WHAT YOU WILL DO
From the entries below, write out exactly the lines between the line holding "为拓宽师生国际视野,增强对跨" and the line holding "80 in carbonio.", inclusive, excluding any pictures.

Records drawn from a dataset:
<<<<

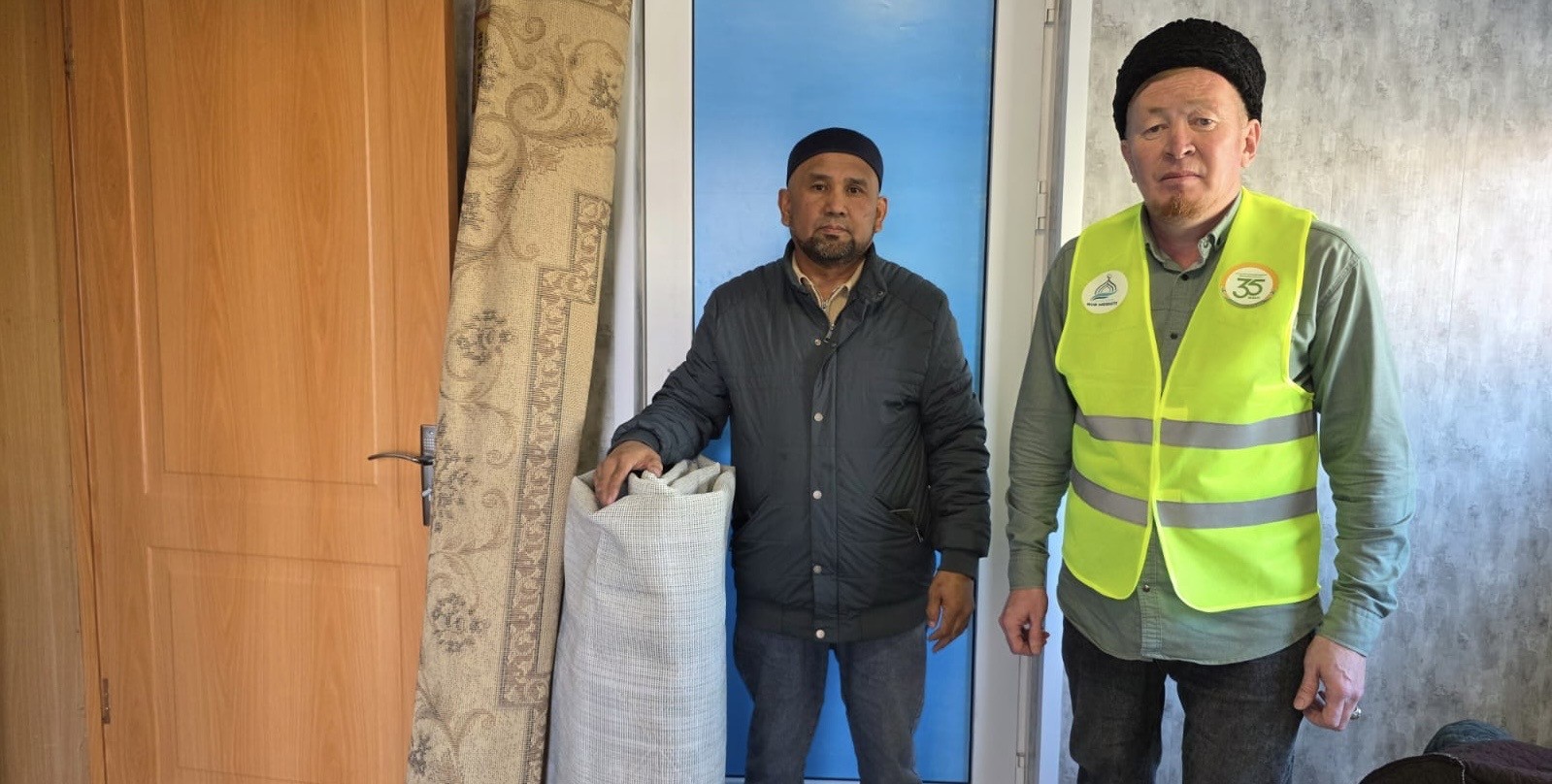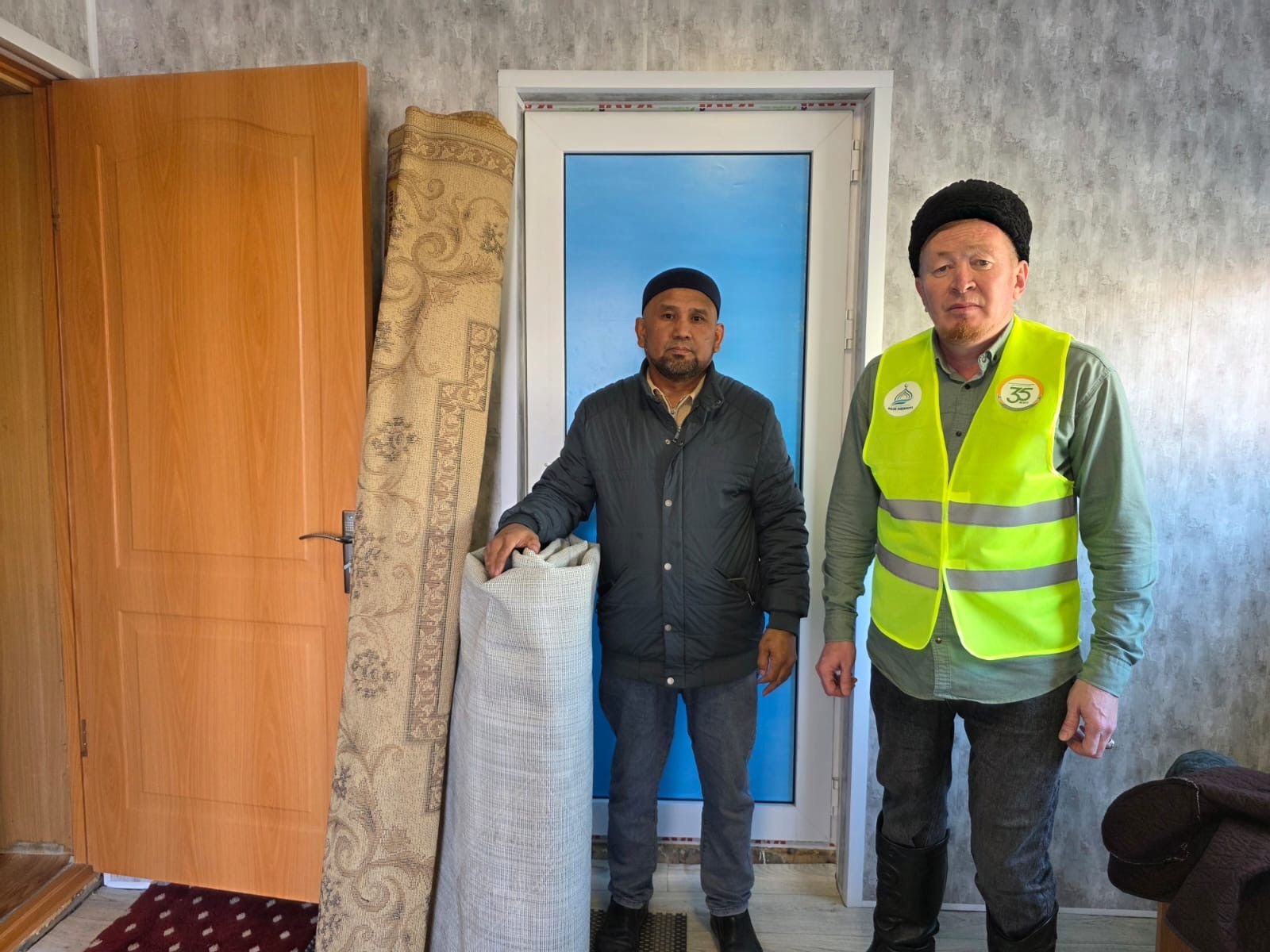 Зекет және қайырымдылық бағытының жауапты маманы Нұрғали Байкешев мешіт атынан аталған кілемдерді қор басшысы Рүстем Нілдібекұлына табыстады.
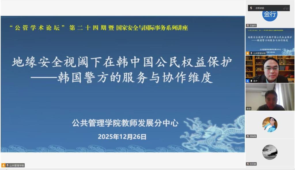 为拓宽师生国际视野,增强对跨国安全治理实践的认知,12月26日,公共管理学院在线上举办第二十四期“公管学术论坛”暨国家安全与国际事务系列讲座。本次讲座邀请原韩国驻武汉领事馆领事徐正浩作题为《地缘安全视阈下在韩中国公民权益保护——韩国警方的服务与协作维度》的报告,业务副院长孟冲主持,学院师生参加讲座。
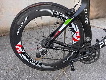 Bicicletta “Prestigio”, full carbon. Cambio campagnolo corus 11 velocità manuale. Cerchi vision da 80 in carbonio.
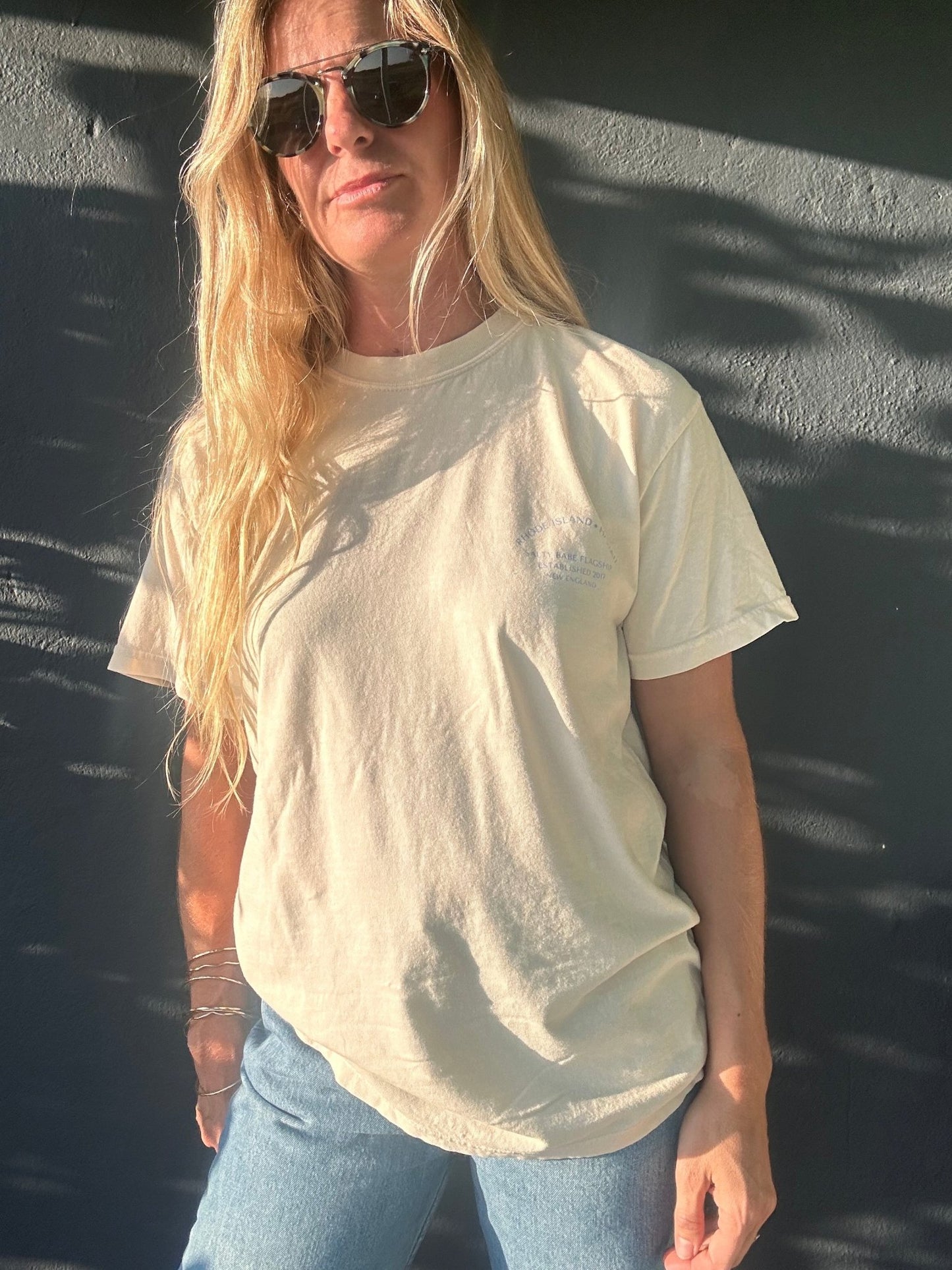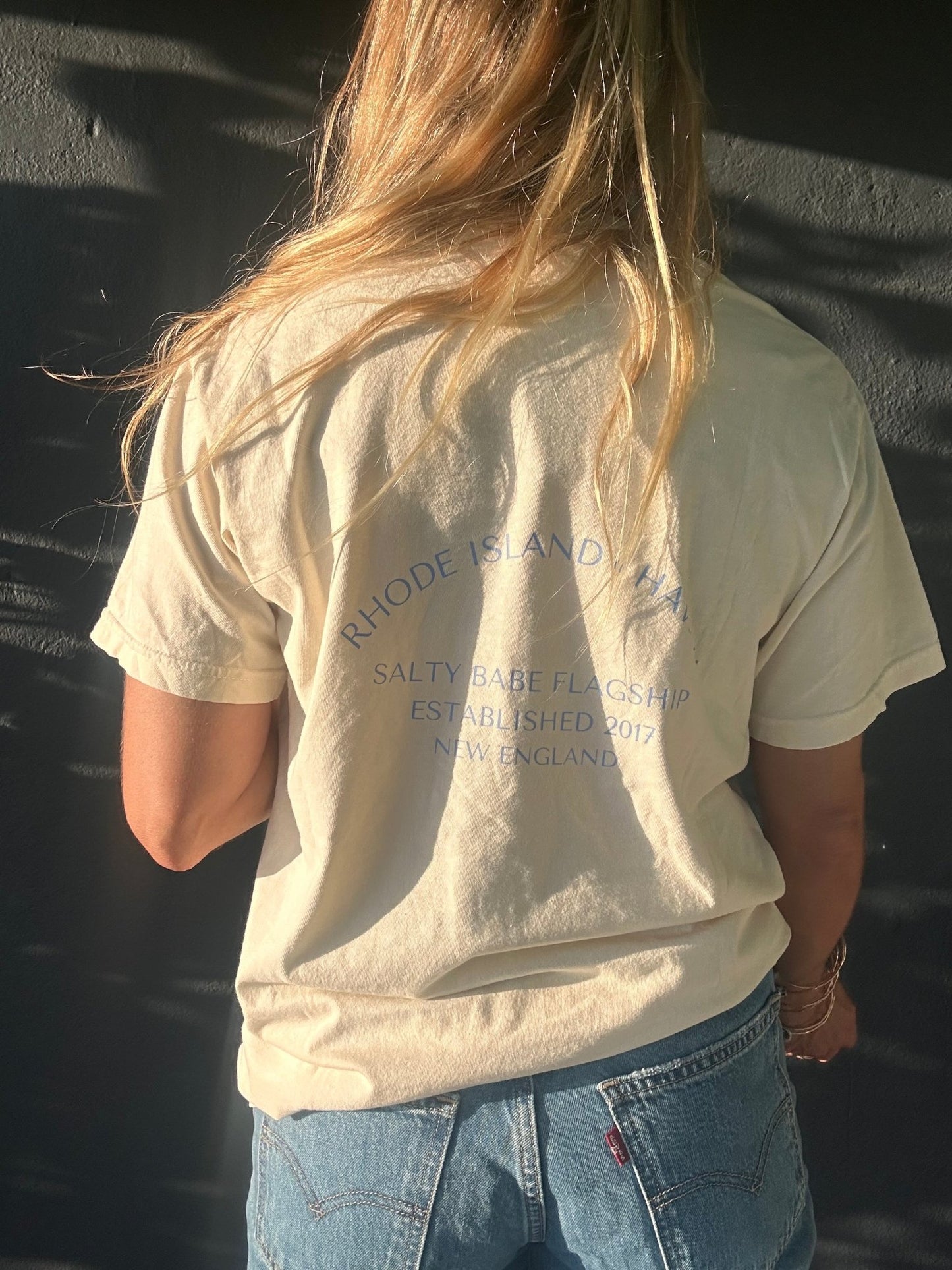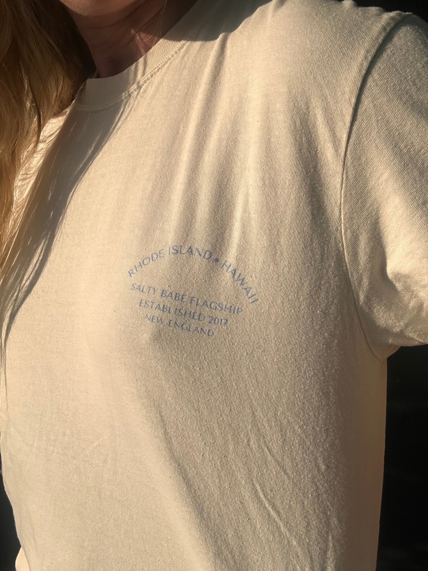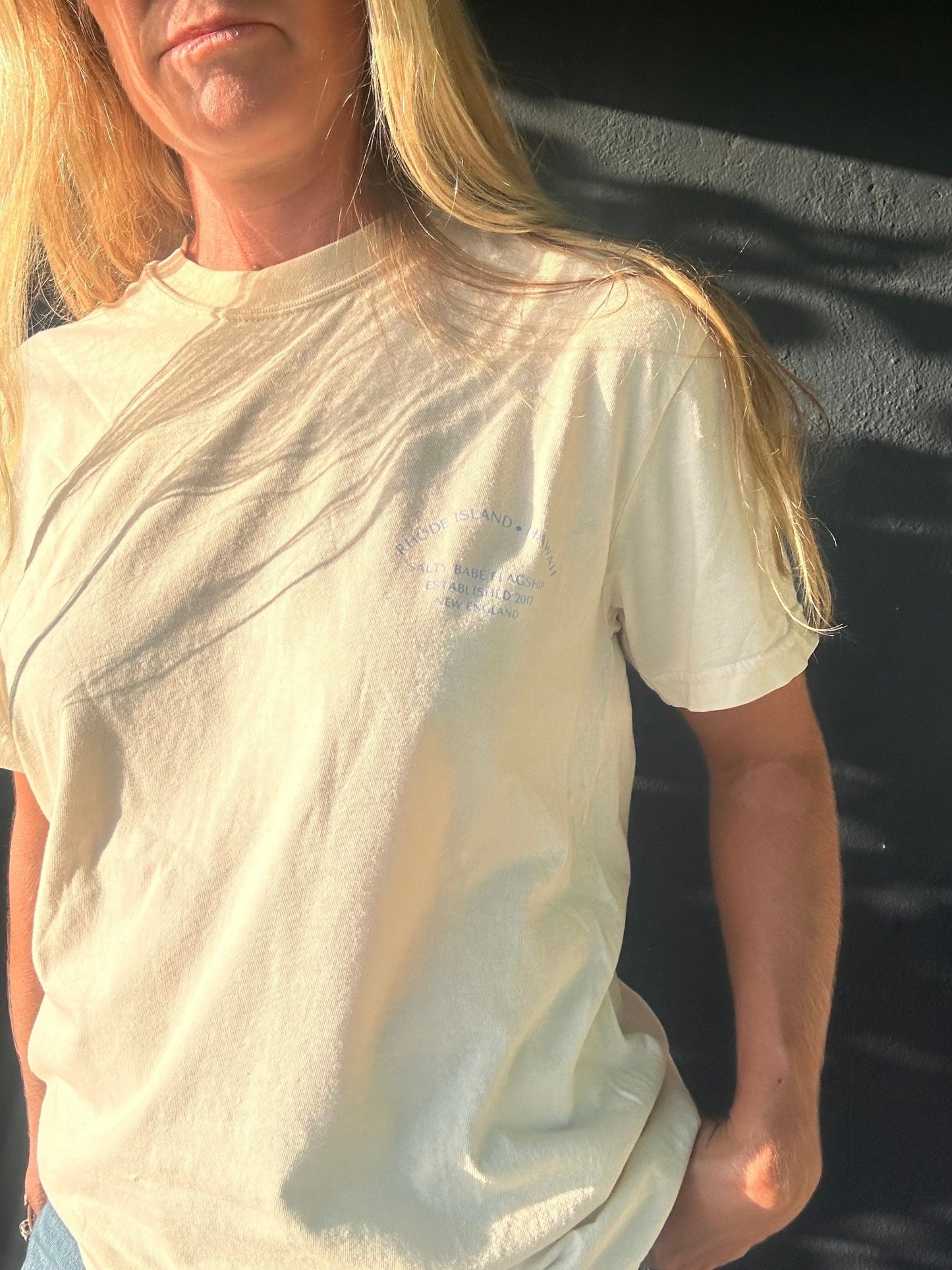 please note on the blue color, the front graphic is the script The Salty Babe logo
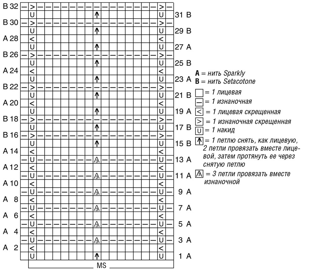 Число петель кратно 18 + 1 + 2 кромочные = вязать согл. схеме. На ней даны лицевые и изнаночные ряды. Начать с 1 кромочной, раппорт постоянно повторять, закончить петлей после раппорта и 1 кромочной. Постоянно повторять 1—32-й ряды, соблюдая указания нитей.
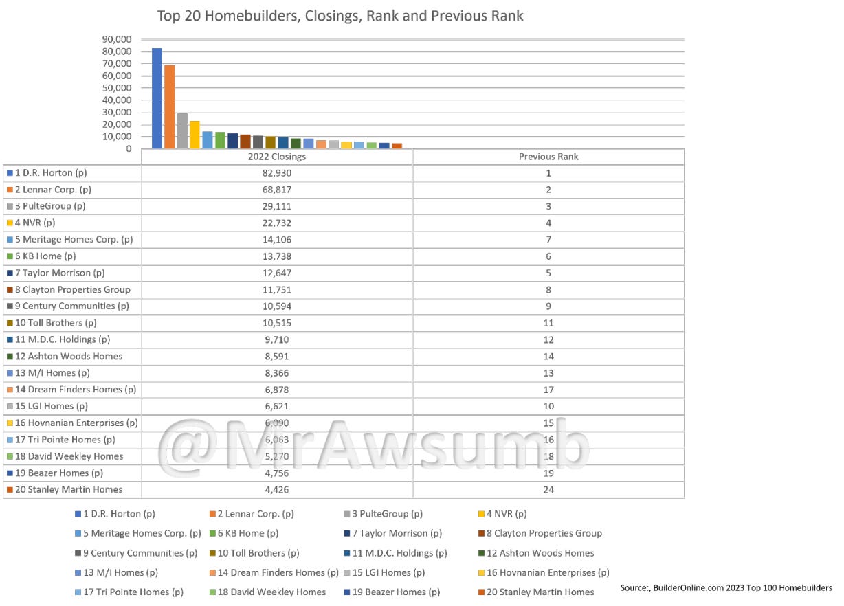 Here are the top 20 Builders from last year. I actually compared all permits for sale this year to the sales volume of the top 200 last year and spread it equally based on last year’s market share. For example, DR Horton makes up 16.85% of the entire homebuilder market. Now, the business has winners and losers, so I am positive this last chart I put together will be wrong simply because I distributed these permits equally. Just look at the top 20 here, with the current rank and the previous year’s rank. Some builders will fare better than others:
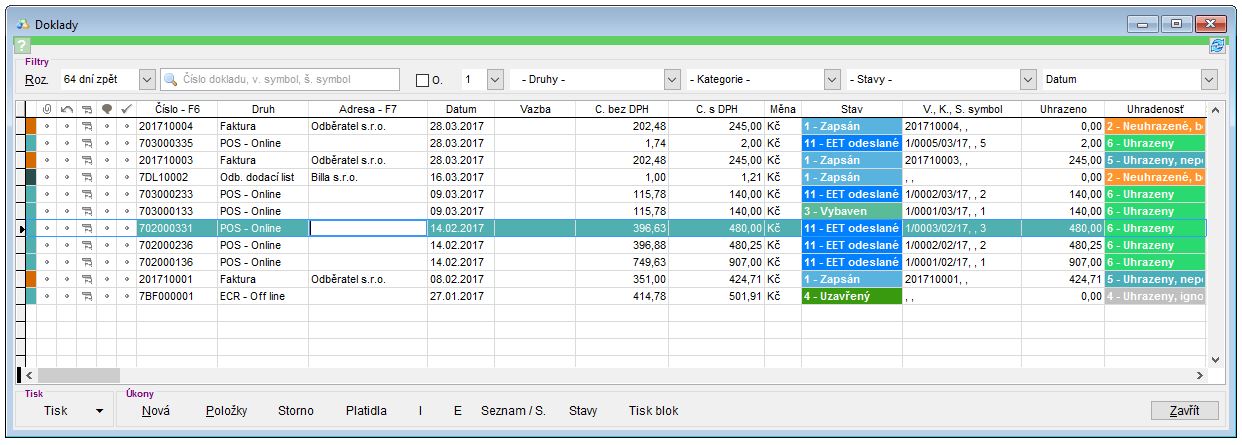 - Stavy - pomocí tlačítka je možné hromadně měnit stavy vybavenosti na dokladech. Další informace o změnách stavů se dozvíte v návodu Doklady - stav vybavenosti a uhrazení.

>>>>

SOLUTION BELOW
 为拓宽师生国际视野,增强对跨国安全治理实践的认知,12月26日,公共管理学院在线上举办第二十四期“公管学术论坛”暨国家安全与国际事务系列讲座。本次讲座邀请原韩国驻武汉领事馆领事徐正浩作题为《地缘安全视阈下在韩中国公民权益保护——韩国警方的服务与协作维度》的报告,业务副院长孟冲主持,学院师生参加讲座。
 Bicicletta “Prestigio”, full carbon. Cambio campagnolo corus 11 velocità manuale. Cerchi vision da 80 in carbonio.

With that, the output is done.